----- SUPPLIED MATERIAL -----
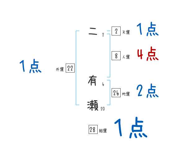 二有瀬さんの画数の鑑定結果
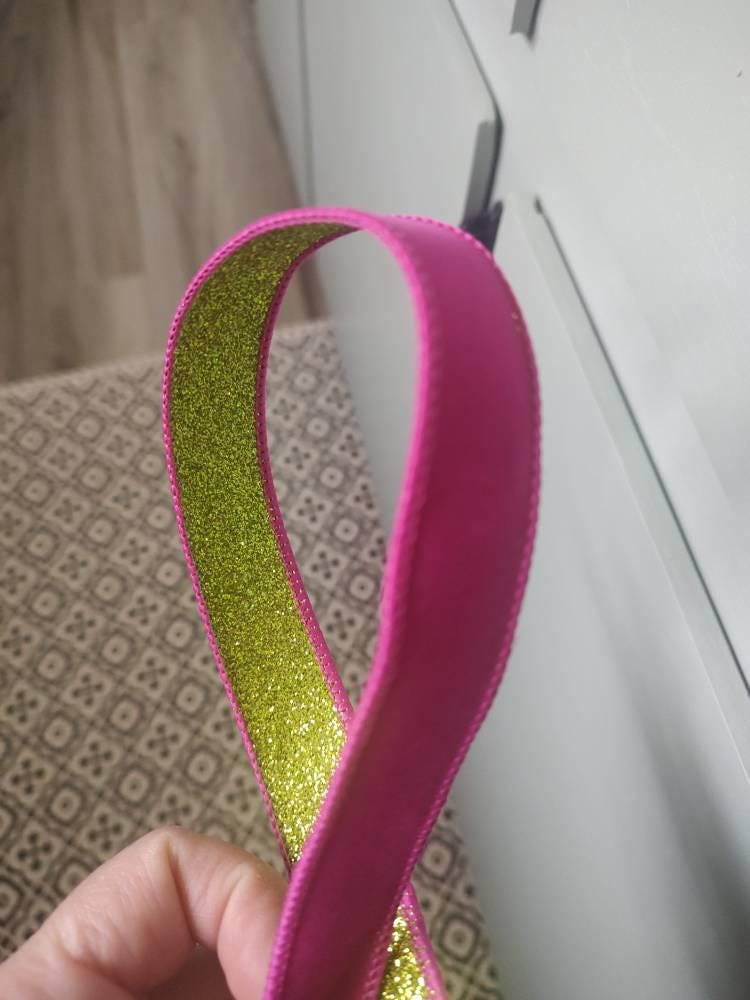 This ribbon is superb! Bright colors, beautiful contrast, little to no glitter shed from the fully glittered green side, and my favorite is the detail of hot pink edges against the glittery lime green side. The wire is thick and will stay wherever you put it. Of course, Farrisilk. This shop is awesome!
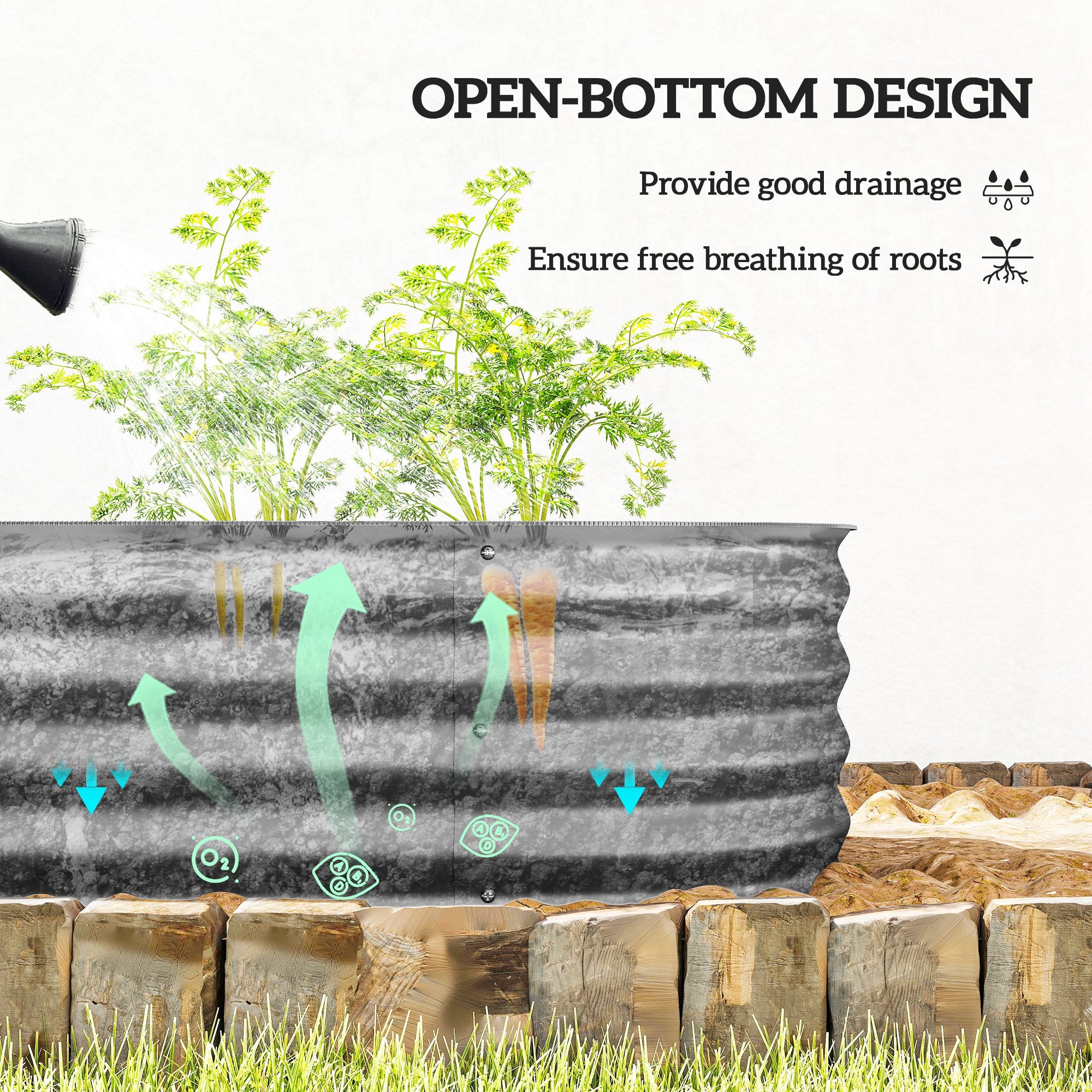 Grâce à ses parois extra-profondes, ce bac convient parfaitement aux légumes et plantes à racines profondes. Son fond ouvert empêche l’accumulation d’eau, favorise un drainage naturel et limite la pousse des mauvaises herbes pour une croissance saine et équilibrée.
-----
**WHAT THE TASK ASKS:**
Reproduce the listing exactly, images omitted.

**EXPECTED OUTPUT:**
 二有瀬さんの画数の鑑定結果
 This ribbon is superb! Bright colors, beautiful contrast, little to no glitter shed from the fully glittered green side, and my favorite is the detail of hot pink edges against the glittery lime green side. The wire is thick and will stay wherever you put it. Of course, Farrisilk. This shop is awesome!
 Grâce à ses parois extra-profondes, ce bac convient parfaitement aux légumes et plantes à racines profondes. Son fond ouvert empêche l’accumulation d’eau, favorise un drainage naturel et limite la pousse des mauvaises herbes pour une croissance saine et équilibrée.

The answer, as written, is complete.